Your copy of the entries below should hold exactly the lines from the one containing "Foreign trade Driving" to the one containing "Women's Green Satin", inclusive, and no pictures.

(Extracted records)
.....
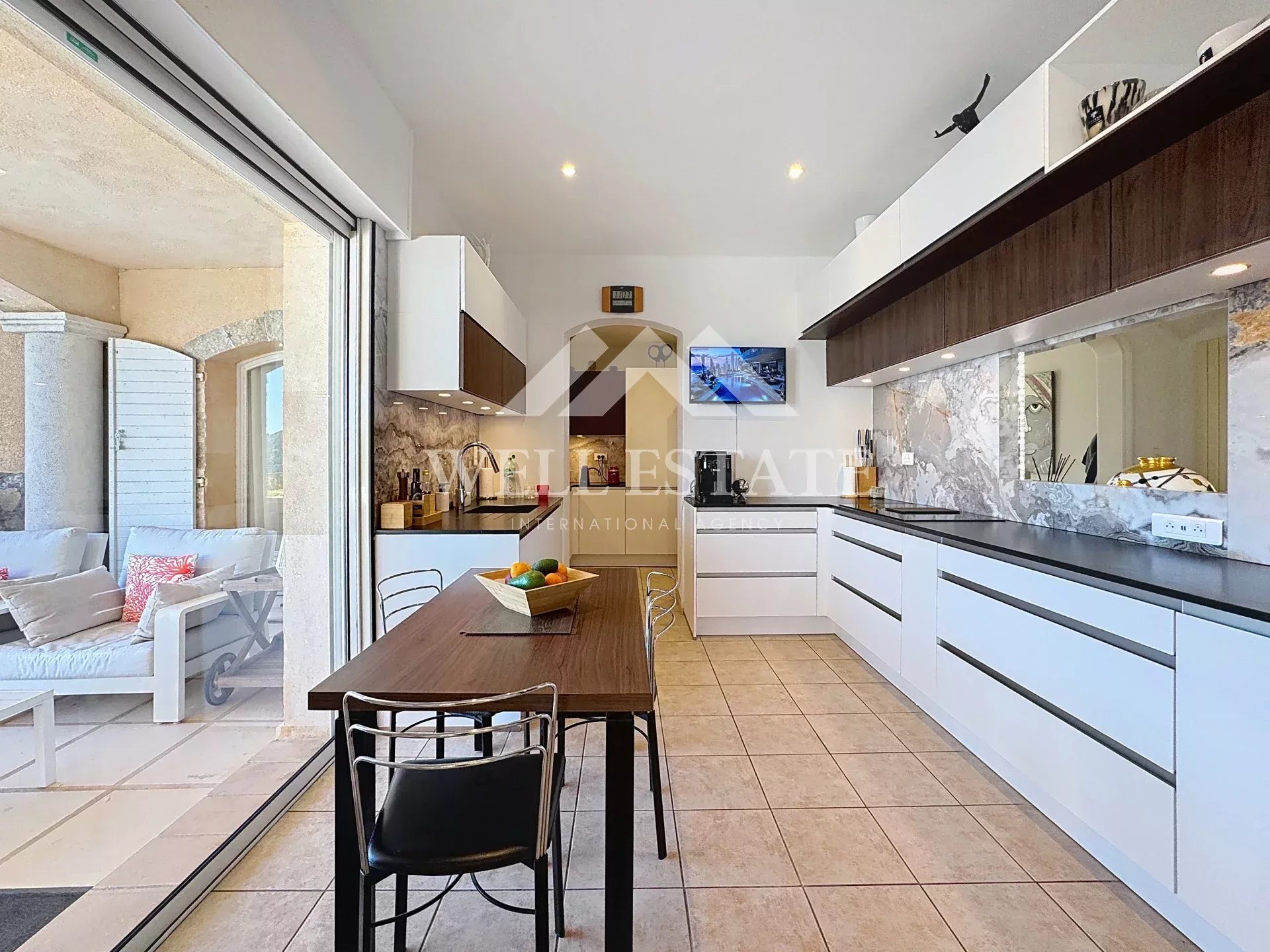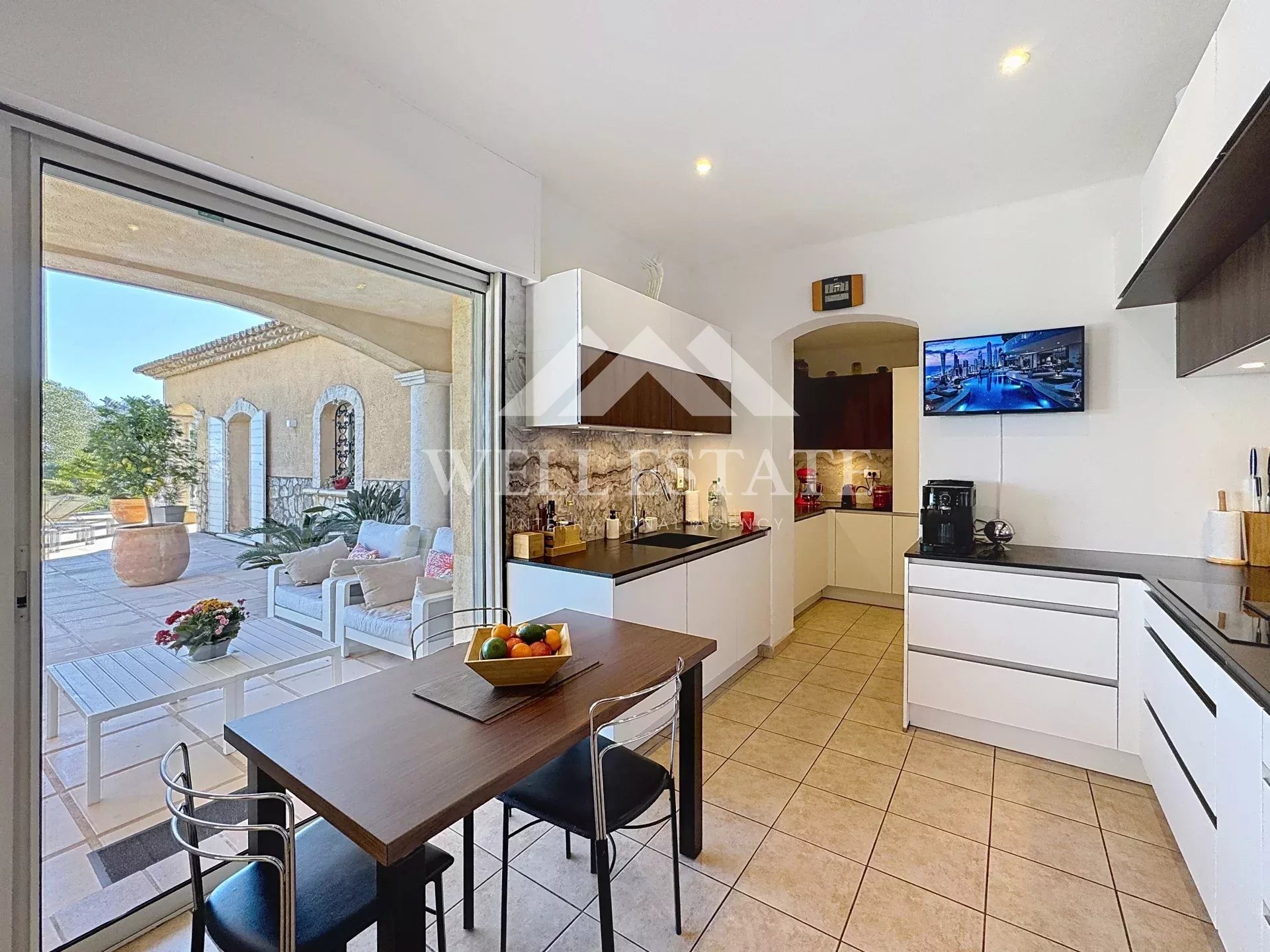 Elle s’ouvre sur un patio et un grand hall aux plafonds voûtés, suivi d’un double séjour de 72 m² avec cheminée, ouvrant largement sur les terrasses et la piscine. La cuisine indépendante, entièrement neuve et prolongée d’une arrière-cuisine, offre également un accès direct aux espaces extérieurs.
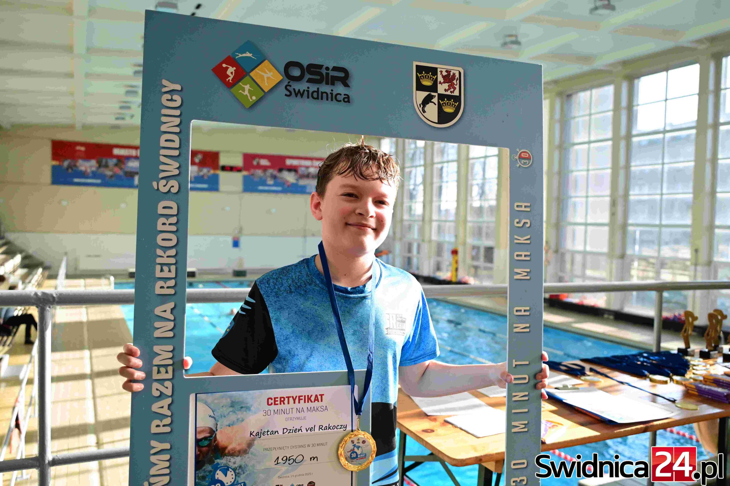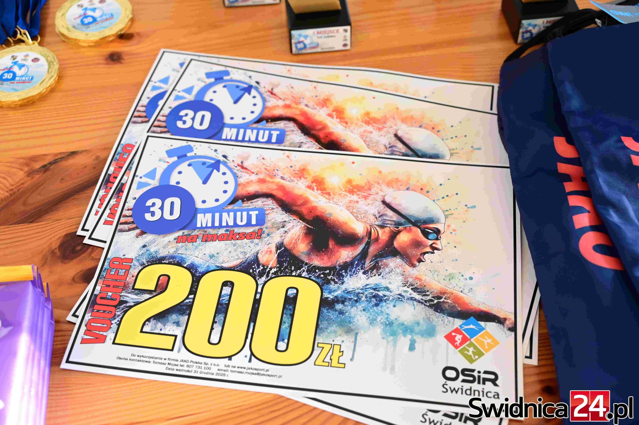 Dokładnie 44 uczestników (10 kobiet i 34 mężczyzn) przystąpiło do rywalizacji w ramach szóstej edycji zawodów „30 minut na maksa. Popłyńmy razem na rekord Świdnicy”. Walka z czasem, ilością przepłyniętych basenów i własnymi słabościami odbyła się dziś w godzinach 10.00 – 15.00 na terenie pływalni przy ulicy Równej w Świdnicy.
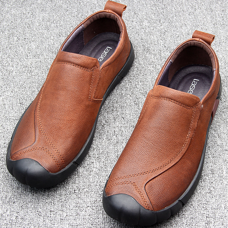 Foreign trade Driving shoes men genuine leather One foot pedal soft-bottom men casual leather shoes Men's Inn wide footed 100 lap breathable fall
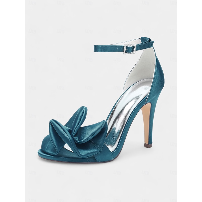 Women's Green Satin Peep-Toe High Heel Sandals – Elegant Bridal Shoes for Weddings and Special Events 17
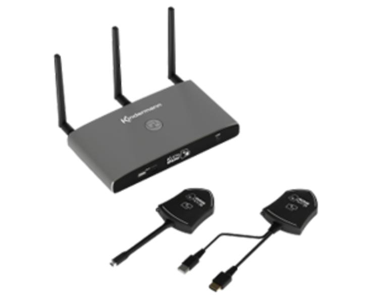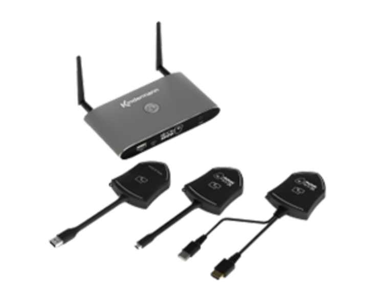 Kindermann KLICK&SHOW meets all the requirements of "new work". Easy to use - compatible with all common devices and operating systems - uniquely universal - can be used via transmitter, software client, app or natively via AirPlay.
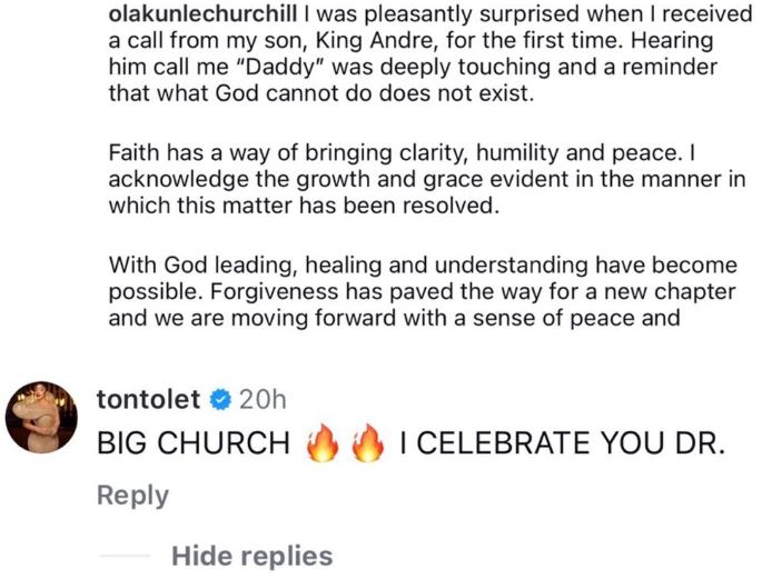 Adding to the surprise, Tonto Dikeh herself engaged with the post, leaving a heartfelt comment that praised Churchill and the progress they have made as co-parents. The interaction drew widespread attention, with fans lauding the former couple for prioritizing their son’s well-being over past disagreements.
.....
* **Response to this exercise**
 Foreign trade Driving shoes men genuine leather One foot pedal soft-bottom men casual leather shoes Men's Inn wide footed 100 lap breathable fall
 Women's Green Satin Peep-Toe High Heel Sandals – Elegant Bridal Shoes for Weddings and Special Events 17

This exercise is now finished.